Every line of the listing below is to be duplicated exactly, with the pictures left out.

Supplied material:
----

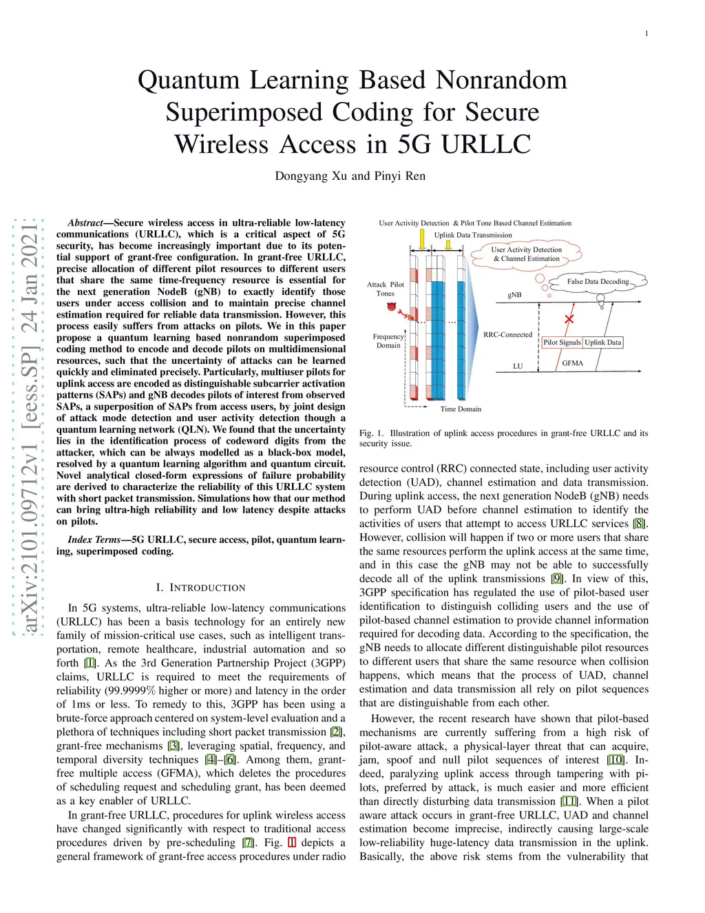 Secure wireless access in ultra-reliable low-latency communications (URLLC), which is a critical aspect of 5G security, has become increasingly important due to its potential support of grant-free configuration. In grant-free URLLC, precise allocation of different pilot resources to different users that share the same time-frequency resource is essential for the next generation NodeB (gNB) to exactly identify those users under access collision and to maintain precise channel estimation required for reliable data transmission. However, this process easily suffers from attacks on pilots. We in this paper propose a quantum learning based nonrandom superimposed coding method to encode and decode pilots on multidimensional resources, such that the uncertainty of attacks can be learned quickly and eliminated precisely. Particularly, multiuser pilots for uplink access are encoded as distinguishable subcarrier activation patterns (SAPs) and gNB decodes pilots of interest from observed SAPs, a superposition of SAPs from access users, by joint design of attack mode detection and user activity detection though a quantum learning network (QLN). We found that the uncertainty lies in the identification process of codeword digits from the attacker, which can be always modelled as a black-box model, resolved by a quantum learning algorithm and quantum circuit. Novel analytical closed-form expressions of failure probability are derived to characterize the reliability of this URLLC system with short packet transmission. Simulations how that our method can bring ultra-high reliability and low latency despite attacks on pilots.
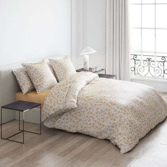 Duvet cover + pillowcase(s) cotton satin - Eglantine White / Yellow
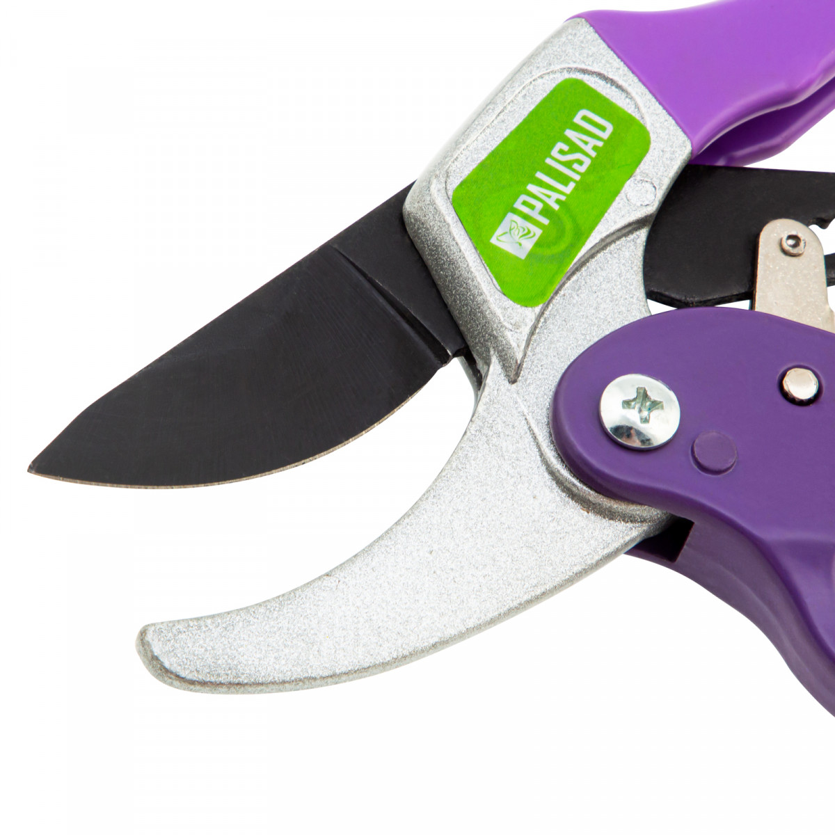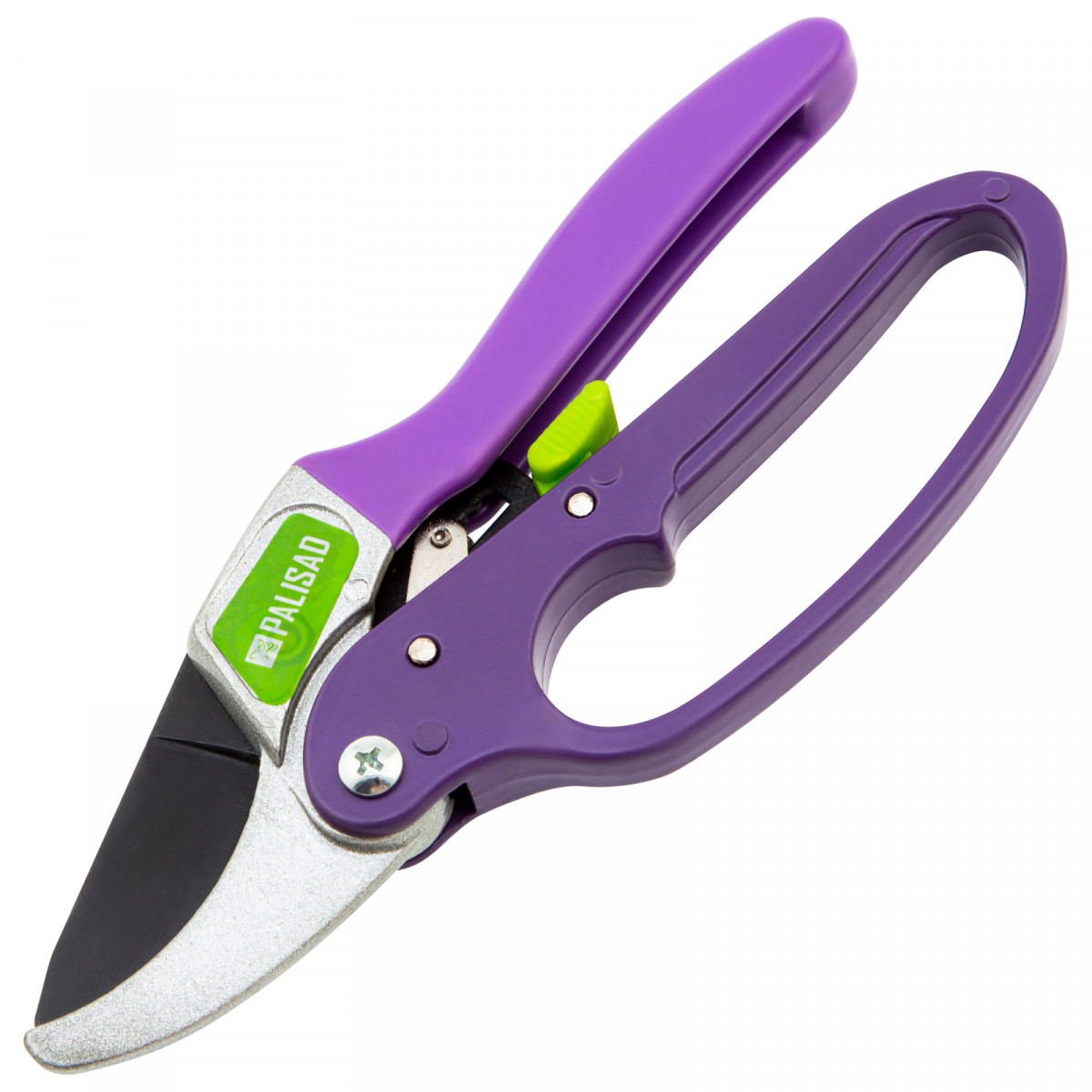 Секатор прямого реза, 200 мм, храповой механизм, металлические обрезиненные рукоятки, Palisad

----

Your solution:
 Secure wireless access in ultra-reliable low-latency communications (URLLC), which is a critical aspect of 5G security, has become increasingly important due to its potential support of grant-free configuration. In grant-free URLLC, precise allocation of different pilot resources to different users that share the same time-frequency resource is essential for the next generation NodeB (gNB) to exactly identify those users under access collision and to maintain precise channel estimation required for reliable data transmission. However, this process easily suffers from attacks on pilots. We in this paper propose a quantum learning based nonrandom superimposed coding method to encode and decode pilots on multidimensional resources, such that the uncertainty of attacks can be learned quickly and eliminated precisely. Particularly, multiuser pilots for uplink access are encoded as distinguishable subcarrier activation patterns (SAPs) and gNB decodes pilots of interest from observed SAPs, a superposition of SAPs from access users, by joint design of attack mode detection and user activity detection though a quantum learning network (QLN). We found that the uncertainty lies in the identification process of codeword digits from the attacker, which can be always modelled as a black-box model, resolved by a quantum learning algorithm and quantum circuit. Novel analytical closed-form expressions of failure probability are derived to characterize the reliability of this URLLC system with short packet transmission. Simulations how that our method can bring ultra-high reliability and low latency despite attacks on pilots.
 Duvet cover + pillowcase(s) cotton satin - Eglantine White / Yellow
 Секатор прямого реза, 200 мм, храповой механизм, металлические обрезиненные рукоятки, Palisad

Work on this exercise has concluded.